**Extracted entries**.
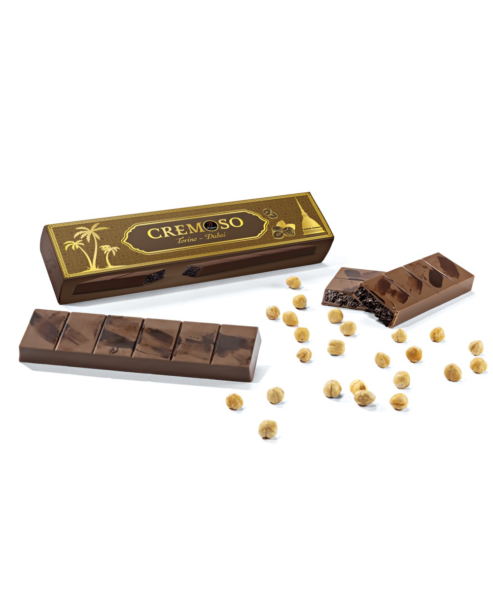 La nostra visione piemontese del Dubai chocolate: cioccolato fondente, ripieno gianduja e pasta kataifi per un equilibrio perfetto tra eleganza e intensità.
* * *
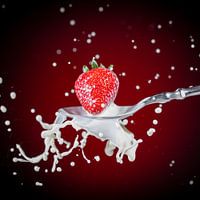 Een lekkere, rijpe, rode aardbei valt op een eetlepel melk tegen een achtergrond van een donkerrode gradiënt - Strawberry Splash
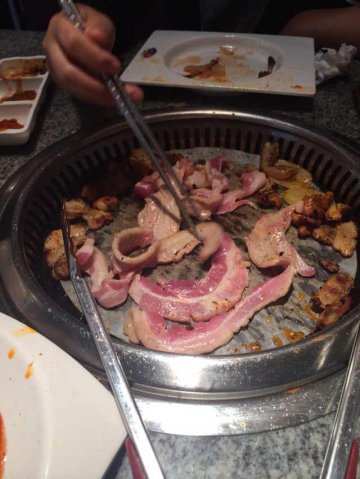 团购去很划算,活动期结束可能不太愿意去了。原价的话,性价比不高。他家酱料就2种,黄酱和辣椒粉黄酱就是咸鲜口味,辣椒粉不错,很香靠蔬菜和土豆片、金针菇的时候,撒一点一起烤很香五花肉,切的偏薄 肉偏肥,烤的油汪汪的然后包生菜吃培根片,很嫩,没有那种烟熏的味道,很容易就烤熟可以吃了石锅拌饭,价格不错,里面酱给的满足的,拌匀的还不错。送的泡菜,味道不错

**Directions**.
Look above for the line containing "Een lekkere, rijpe, rode", then write out every line from there down to the line containing "团购去很划算,活动期结束可能", that line included, with no pictures.

**Result**.
 Een lekkere, rijpe, rode aardbei valt op een eetlepel melk tegen een achtergrond van een donkerrode gradiënt - Strawberry Splash
 团购去很划算,活动期结束可能不太愿意去了。原价的话,性价比不高。他家酱料就2种,黄酱和辣椒粉黄酱就是咸鲜口味,辣椒粉不错,很香靠蔬菜和土豆片、金针菇的时候,撒一点一起烤很香五花肉,切的偏薄 肉偏肥,烤的油汪汪的然后包生菜吃培根片,很嫩,没有那种烟熏的味道,很容易就烤熟可以吃了石锅拌饭,价格不错,里面酱给的满足的,拌匀的还不错。送的泡菜,味道不错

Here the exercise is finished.